Sacrifice


What is a sacrifice?  I posed that question to my family, and here is the response.
“Doing something you don’t want to do so that someone else benefits.”
“Denying yourself something so someone else can have something.”
 “Thinking of another person and going out of your ordinary way to make a change.”
“Giving up your wants or needs for someone else’s.”
“A sacrifice looks like how you choose to spend your time, your money, and your things.”

I took a moment to reflect on the sacrifices I have made as a mother and a wife over the past few years.  I have sacrificed nights out with my husband to stay home with sick kids, watched Sponge Bob instead of Ellen, made breakfast instead of sleeping in, read books to kids instead of taking a hot bath and reading a novel, drove kids around to activities instead of resting on the couch with the stomach flu, and sacrificed time as a couple by working opposite shifts to avoid day care.

But these sacrifices are so minuscule compared to that of my ancestors. 

You see my grandpa, Alfons, was the youngest of eleven children.

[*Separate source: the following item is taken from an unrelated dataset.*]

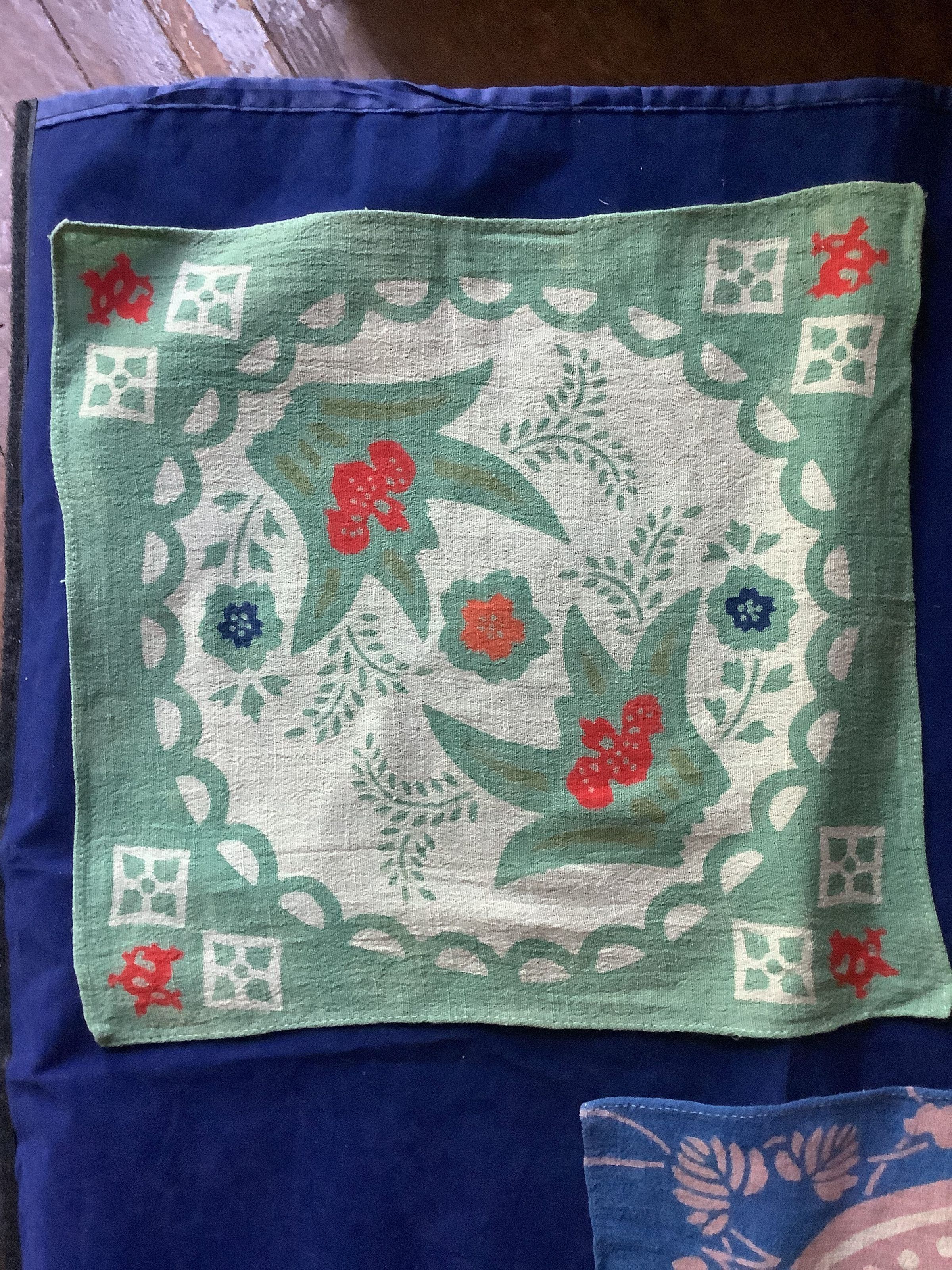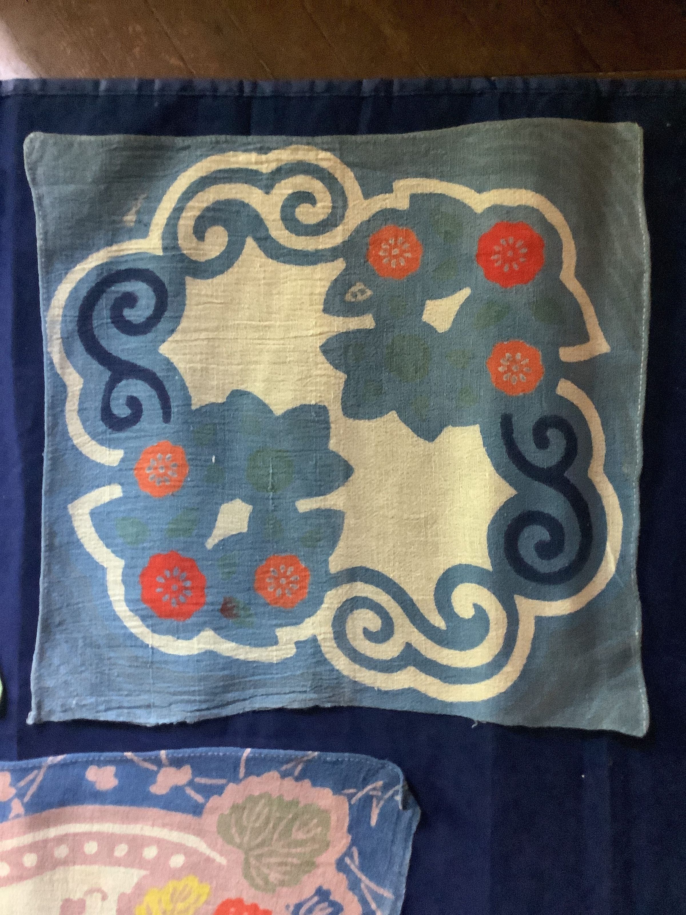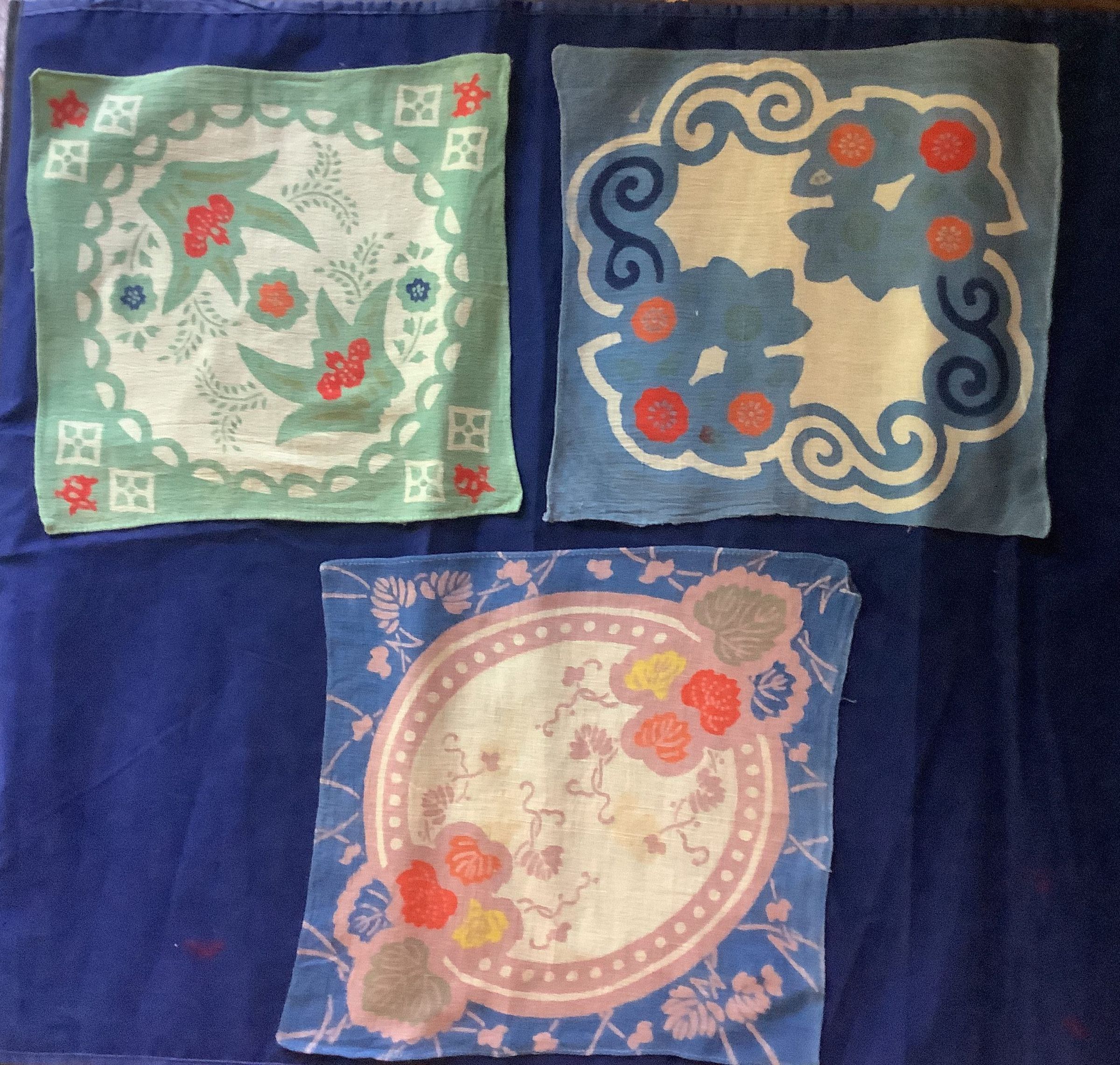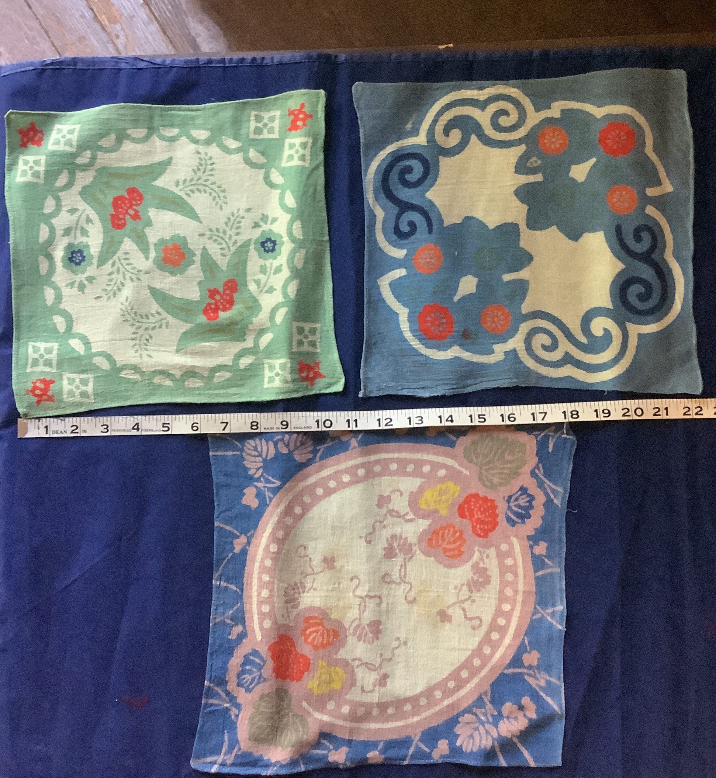These are three fine decorative printed textiles. Made with a fine/thin fabric. Each has a colorful and unique design.

His father and two of his brothers were killed in World War I. After the war, life was deplorable in Germany. There was no work, no money, and no food. The situation was desperate.  The only solution families had was to send young adults off to America in hopes they could earn money and send it back to their families in Germany.

So, at 19 years of age, my grandpa left Germany with his 2nd grade education and arrived in Kansas in 1925 to find work as a hired hand on a farm, only to find himself four years later in yet another depression here in America.  His living conditions were horrible.  He lived in an unheated barn, kept his hands warm in the oats in the winter, and was taunted for speaking German.  During the hot summer days, he would stack bales of hay in the barn. It was hard manual labor, often working until his hands bled.  The farmer’s sons made life even worse for him. Unbeknownst to him, as he would stack bales of hay in the barn, they would throw them out through the back of the barn.  The farmer was upset with him, yet he took the punishment so he could keep his job and send his family in Germany some of his meager earnings.

When I think of the sacrifice my grandpa made, I am humbled.  When I think of the sacrifice his mother made to send her son off on a boat to a foreign land, I am at a loss for words.  The ache for a son who is alive but unreachable must be like seeing a nice cool swimming pool on a hot summer day but not being able to jump in. How difficult it must have been to wake up everyday knowing that your son is alive, struggling, alone, and suffering great hardships in America. What a sacrifice his mother made when she sent him to America and what a cup of suffering it must have been for her every day of her life. Living in poverty, Grandpa was unable to save money to purchase land, let alone a passage to get back to Germany.  Little did he know that when he left his homeland, he would never see his mother alive again.

Would I be able to make that kind of a sacrifice?